Scientific classification
- Kingdom: Animalia
- Phylum: Chordata
- Class: Mammalia
- Infraclass: Marsupialia
- Order: Didelphimorphia
- Family: Didelphidae
- Genus: Marmosa
- Subgenus: Marmosa
- Species: M. macrotarsus
- Binomial name: Marmosa macrotarsus Wagner, 1842
- Synonyms: Micoureus quichua (Thomas, 1899)

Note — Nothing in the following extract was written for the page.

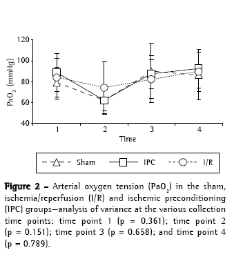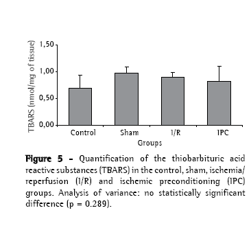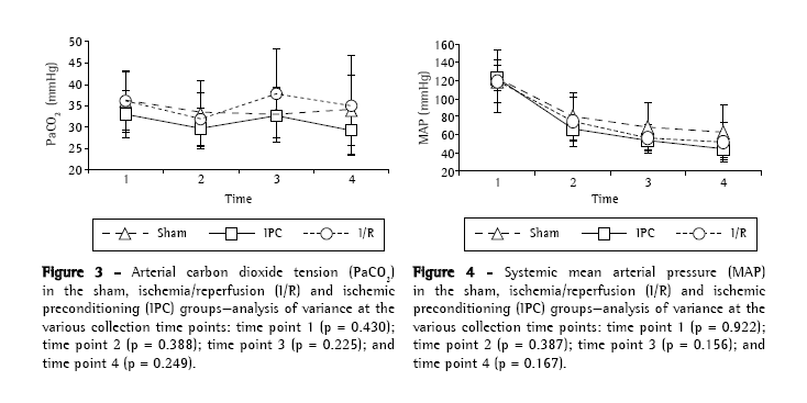 There were no statistically significant differences among the experimental groups (sham, I/R and IPC) regarding body weight (p = 0.822) or surgical time (p = 0.560), as well as, at any of the four time points analyzed, blood gas analysis findings, arterial oxygen tension (Figure 2) and arterial carbon dioxide tension (Figure 3). During the period of observation, there were gradual decreases in mean arterial pressure in all groups, although the differences among the experimental groups were not statistically significant at any of the four time points evaluated (Figure 4). In addition, there were no statistically significant differences among any of the groups in terms of the quantity of lipid peroxidation products, as assessed through determination of the levels of TBARS (p = 0.289; Figure 5).

= Quechuan mouse opossum =

- Genus: Marmosa
- Species: macrotarsus
- Authority: Wagner, 1842
- Conservation status: LC
- Synonyms: Micoureus quichua (Thomas, 1899)

Species of marsupial

The Quechuan mouse opossum (Marmosa macrotarsus), also called the western Amazonian mouse opossum, is a South American opossum species of the family Didelphidae. It was known from only two areas of montane forest on the eastern slopes of the Andes in Peru, at altitudes from 300 to 2700 m.: at the type locality in the Valle de Occobamba is in the southern area, in Cuzco Region, and in the northern area is in the vicinity of Moyobamba in San Martín Region. A 2014 survey found this species in Bolivia and Brazil. The northern Peruvian area has suffered from habitat destruction, but the southern area is not seriously degraded. The name Marmosa macrotarsus may be preoccupied, and the name may revert to Marmosa quichua.